Project Managers
Project Managers keep procurement work tied to the project it supports. They care less about day-to-day RFQ handling and more about whether the request matches the project, budget, timing, and expected delivery.
In Grinea, their work appears around Project Profiles, BOM review, PR decisions, and project-facing delivery follow-up.
Basic Concepts
Project Managers provide project context and make project-level decisions when the workflow asks for them. They help keep planned demand, purchase requests, and delivery expectations aligned.
The Project Manager is not the Buyer. A Buyer owns sourcing and supplier execution. The Project Manager helps decide whether the project should move forward with the request and whether the purchasing work still matches project reality.
Project Context
Project Profiles hold the information that downstream procurement records depend on: project identity, locations, team assignments, and budget ownership.
When this context is wrong, later pages can look wrong even if the Buyer did everything correctly. The Project Manager should treat project setup as part of procurement readiness, not only project administration.
Review And Approval Work
Project Managers may appear in approval flows when a project purchase needs a project-side decision. Their task is to read the request, check whether it still fits the project need, then approve it or return it with a specific reason.

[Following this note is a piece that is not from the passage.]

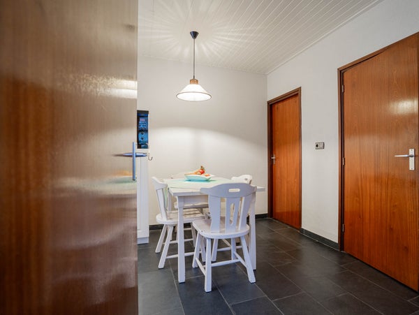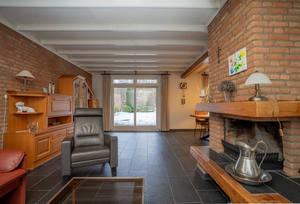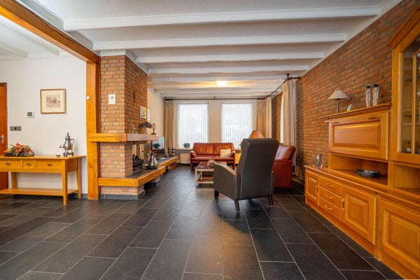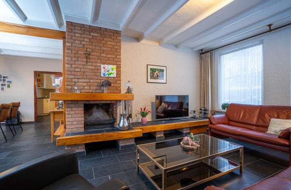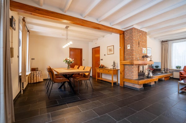 Een heerlijke L-vormige living met tegelvloer, schoonmetsel- en stucwerk wanden en meerdere raampartijen voor rijkelijke daglichttoetreding. De houtkachel zorgt voor warmte en sfeer in de winter, terwijl de schuifpui u in de zomer direct met de tuin verbindt. De L-vorm biedt moeiteloos plaats aan een grote eettafel en een ruime kast—ideaal voor gezellige etentjes of een speelhoek.

Returning a request is not the same as rejecting the whole procurement path. It sends the record back so the owner can correct the detail that is blocking approval.
Delivery Visibility
Project Managers may need to follow delivery state because late, partial, or rejected delivery affects project execution. They should read Orders as the source for PO and delivery history, not the original BOM.
Receiving may be handled by a Site Manager or another eligible receiver. The Project Manager's concern is whether the project can use what was delivered and whether unresolved delivery work affects the plan.
Boundaries
Project Managers do not manage supplier invitations, quotation comparison, supplier selection, or PO sending unless the workflow explicitly gives them that action.
Their role is project accountability. They keep the request grounded in project need while Buyers handle the purchasing path.